Não lhes diz: “Nasce aqui, ou lá não cresças”

Humana voz. Se baqueou o freixo,

Deus o mandou: se a flor pendida murcha,

É que o rocio não desceu de noite,

E da vida o Senhor lhe nega a vida.

Céu livre, Terra livre, e livre a mente,

Paz íntima, e saudade, mas saudade

Que não dói, que não mirra, e que consola,

São as riquezas do ermo, onde sorriem

Das procelas do mundo os que o deixaram.

XII

Ali naquela encosta, ontem de noite,

Alvejava por entre os medronheiros

Do solitário a habitação tranqüila:

E eu vagueei por lá. Patente estava

O pobre alvergue do eremita humilde,

Onde jazia o filho da esperança

Sob as asas de Deus, à luz dos astros,

Em leito, duro sim, não de remorsos.

Oh, com quanto sossego o bom do velho

Dormia! A leve aragem lhe ondeava

As raras cãs na fronte, onde se lia

A Bela história de passados anos.

De alto choupo através passava um raio

Da Lua — astro de paz, astro que chama

Os olhos para o céu, e a Deus a mente —

E em luz pálida as faces lhe banhava:

E talvez neste raio o Pai celeste

Da pátria eterna lhe enviava a imagem,

Que o sorriso dos lábios lhe fugia,

Como se um sonho de ventura e glória

Na Terra de antemão o consolasse.

E eu comparei o solitário obscuro

Ao inquieto filho das cidades:

Comparei o deserto silencioso

Ao perpétuo ruído que sussurra

Pelos palácios do abastado e nobre,

Pelos paços dos reis; e condoí-me

Do cortesão soberbo, que só cura

De honras, haveres, glória, que se compram

Com maldições e perenal remorso.

Glória! A sua qual é? Pelas campinas,

Cobertas de cadáveres, regadas

De negro sangue, ele segou seus louros;

Louros que vão cingir-lhe a fronte altiva

Ao som do choro da viúva e do órfão;

Ou, dos sustos senhor, em seu delírio

Os homens, seu irmãos, flagela e oprime.

Lá o filho do pó se julga um nume,

Porque a Terra o adorou; o desgraçado

Pensa, talvez, que o verme dos sepulcros

Nunca se há-de chegar para tragá-lo

Ao banquete da morte, imaginando

Que uma lájea de mármore, que esconde

O cadáver do grande, é mais durável

Do que esse chão sem inscrição, sem nome,

Por onde o opresso, o mísero, procura

O repouso, e se atira aos pés do trono

Do Onipotente, a demandar justiça

Contra os fortes do mundo, os seus tiranos.

XIII

Ó cidade, cidade, que trasbordas

De vícios, de paixões e de amarguras!

Tu lá estas, na tua pompa envolta,

Soberba prostituta, alardeando

Os teatros, e os paços, e o ruído

Das carroças dos nobres recamadas

De ouro e prata, e os prazeres de uma vida

Tempestuosa, e o tropear continuo

Dos férvidos ginetes, que alevantam

O pó e o lodo cortesão das praças;

E as gerações corruptas de teus filhos

Lá se revolvem, qual montão de vermes

Sobre um cadáver pútrido! Cidade,

Branqueado sepulcro, que misturas

A opulência, a miséria, a dor e o gozo,

Honra e infâmia, pudor e impudicícia,

Céu e Inferno, que és tu? Escárnio ou glória

Da humanidade? O que o souber que o diga!

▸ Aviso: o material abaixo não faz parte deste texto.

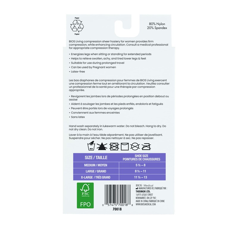 BIOS Living Women Compression Trouser Socks Sheer Beige XL 20-30mmHg
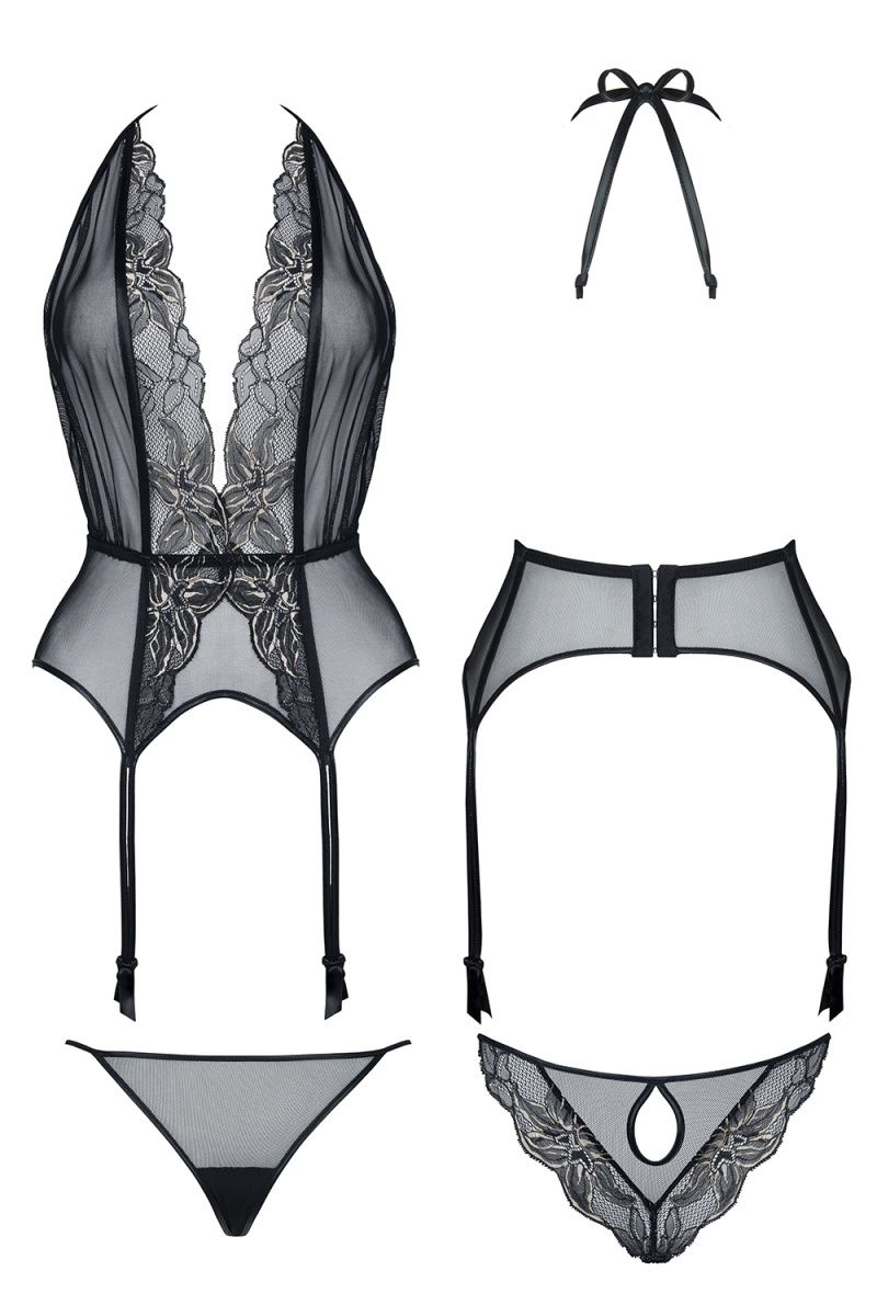 Роскошный корсаж Penelope с цветочным кружевом. В комплекте: корсаж, трусики.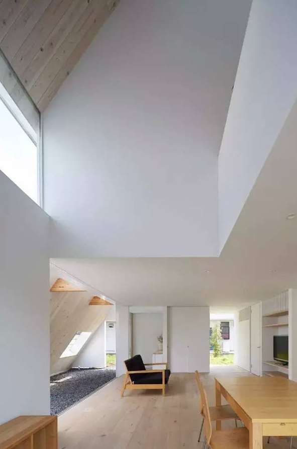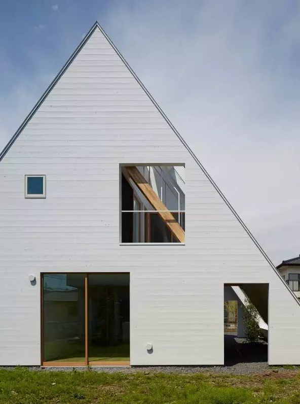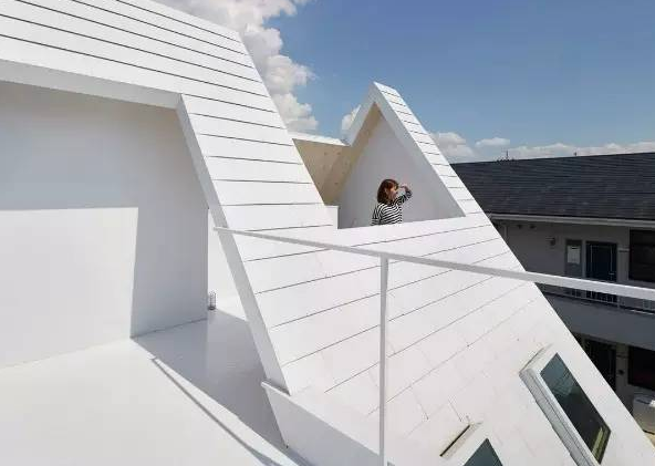 采用了金屬屋頂覆蓋整個(gè)住宅的形式,為露臺(tái)和花園都提供遮蔽。外立面全都覆蓋上了白色鍍鋅合金板條,龐大的屋頂進(jìn)行了一系列剪切開洞設(shè)計(jì),能使自然光照射進(jìn)房間和露臺(tái)。
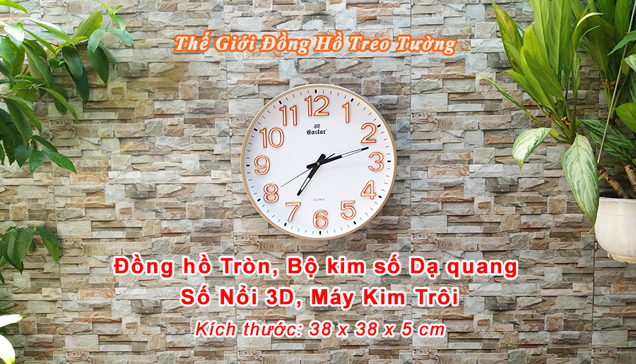 - Đồng hồ EASTAR Cao cấp, Máy Đồng hồ KIM TRÔI, Số nổi 3D có DẠ QUANG (*), kiểu dáng hiện đại với Đường kính 38 cm, dày 5 cm.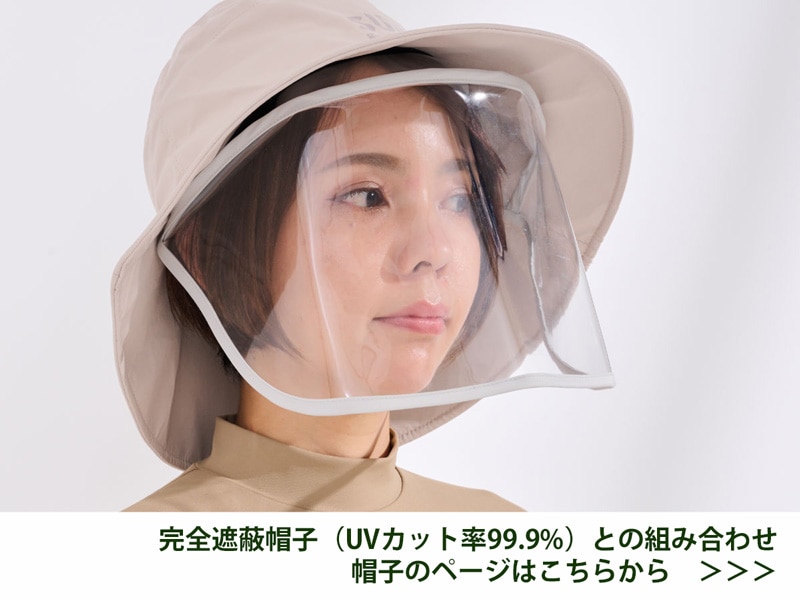 UVカット率99%以上の透明ビニールでできた、顔周り、耳周り、首まで守れるフェイスガード

Bem negra avulta aqui, na paz do vale,

A imagem desse povo, que reflui

Das moradas a rua, à praça, ao templo;

Que ri e chora, e, folga, e geme, e morre,

Que adora Deus, e que o pragueja, e o teme;

Absurdo misto de baixeza extrema

E de extrema ousadia; vulto enorme,

Ora aos pés de um vil déspota estendido,

Ora surgindo, e arremessando ao nada

As memórias dos séculos que foram,

E depois sobre o nada adormecendo.

Vê-lo, rico de opróbrio, ir assentar-se

Em joelhos nos átrios dos tiranos,

Onde, entre o lampejar de armas de servos,

O servo popular adora um tigre?

Esse tigre é o ídolo do povo!

Saudai-o; que ele o manda: abencoai-lhe

Ó férreo cetro: ide folgar em roda

De cadafalsos, povoados sempre

De vítimas ilustres, cujo arranco

Seja como harmonia, que adormente

Em seus terrores o senhor das turbas.

Passai depois. Se a mão da Providência

Esmigalhou a fronte à tirania;

Se o déspota caiu, e está deitado

No lodaçal da sua infâmia, a turba

Lá vai buscar o cetro dos terrores,

E diz: “É meu”; e assenta-se na praça,

E envolta em roto manto, e julga, e reina.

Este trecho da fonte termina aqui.